Over the past six months, several meetings about the future of a number of royal properties have taken place between Charles, William and keeper of the Privy Purse Sir Michael Stevens – a long-serving senior aide who will have played a considerable role in the decision on the Sussexes’ Windsor residence.
At the time of starting renovations in 2018, both Harry and Meghan saw Frogmore as a “forever home”. It was a property that a member of their Palace team once dubbed to me as “the little house that could” because of the dire state it was in when they first viewed it.
Prior to getting the keys, the cottage had spent more than 90 years split into five separate units for estate workers. “It was really tatty but they did so much to turn it back into a proper home, so many personal touches and so much of it on a tight budget,” a friend said at the time.

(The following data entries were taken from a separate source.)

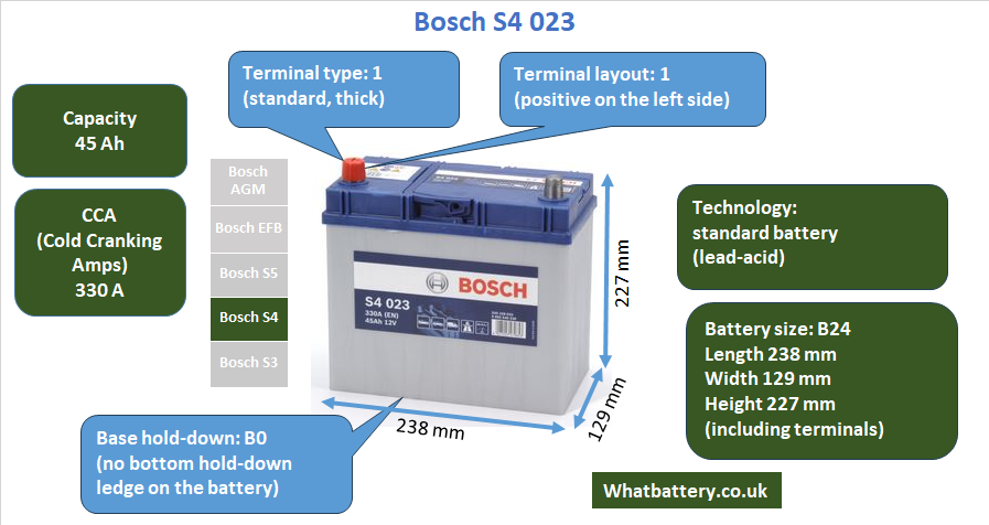 In conclusion, the Bosch S40 23 is a compact, efficient, and dependable battery ideal for smaller vehicles with modest power demands. Its specific configuration—especially the terminal layout and B0 mounting type—makes it well-suited for certain imports or older models with less conventional designs. It may not have the high-end output of larger batteries, but for vehicles that require this particular size and layout, the S40 23 offers excellent reliability and performance from a brand with decades of proven expertise.
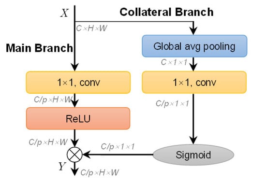 Figure 12 is DRSE’s implementation. In the collateral branch, GAP is used to obtain global spatial information; 1 × 1 conv and the sigmoid function are used to squeeze the channels to focus on important ones. The squeeze ratio p is set to 3 (256 × 3→256). In the main branch, the input channel number is reduced directly using a 1 × 1 conv and ReLU. The broadcast element-wise multiplication is used for compressed channel weighting. DRSE models the channel correlation of input feature maps in a reduced dimension space. It uses the learned weights from the reduced dimension space to pay attention to the important features of the main branch. It avoids the potential information loss of the rude dimension reduction. In short, the above is described by
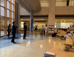 次は鳴門病院でコンサートです。 こちらのロビーでコンサートです。
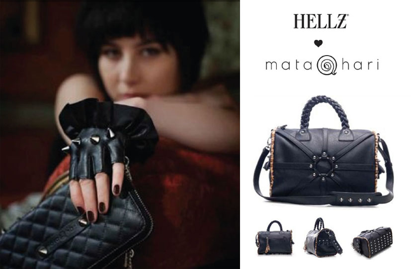 “This Spring, women’s apparel label HELLZ introduces the brands expansion by collaborating with luxury handbag line, Mata hari. The collaboration features a collection of three handbags made of high quality leather in bold sleek bodies. Within the collection is the bucket bag featuring stainless steel cone studs along the bottom, the quilted clutch-wallet with a studded detachable glove, and the bondage inspired satchel.

Adds a source, “This is not just some random rental they keep for convenience. Every drawer is full, every closet is packed… It’s a real family home.”
Now, as they start arranging for items to be shipped over to the US, the Sussexes’ last remaining high security space in Britain is just weeks away from being handed to someone else. To the couple’s friends and former royal security personnel who have been privy to the volume of threats received by the couple over the years, especially Meghan, the news will no doubt be worrying.
In November, former head of counter-terrorism policing in England Neil Basu confirmed just how many of those threats came from British-based far-right extremists during his tenure. "If you'd seen the stuff that was written and you were receiving it, the kind of rhetoric that's online, if you don't know what I know, you would feel under threat all of the time," he said. “We had teams investigating it. People have been prosecuted for those threats.”
Last year a legal representative for Prince Harry detailed why sufficient security was so important to the royal. “Prince Harry inherited a security risk at birth, for life. He remains sixth in line to the throne, served two tours of combat duty in Afghanistan, and in recent years his family has been subjected to well-documented, neo-Nazi and extremist threats,” the statement said. “While his role within the institution has changed, his profile as a member of the Royal Family has not. Nor has the threat to him and his family.”
That troubling point, it seems, appears to have gone completely over King Charles’s head.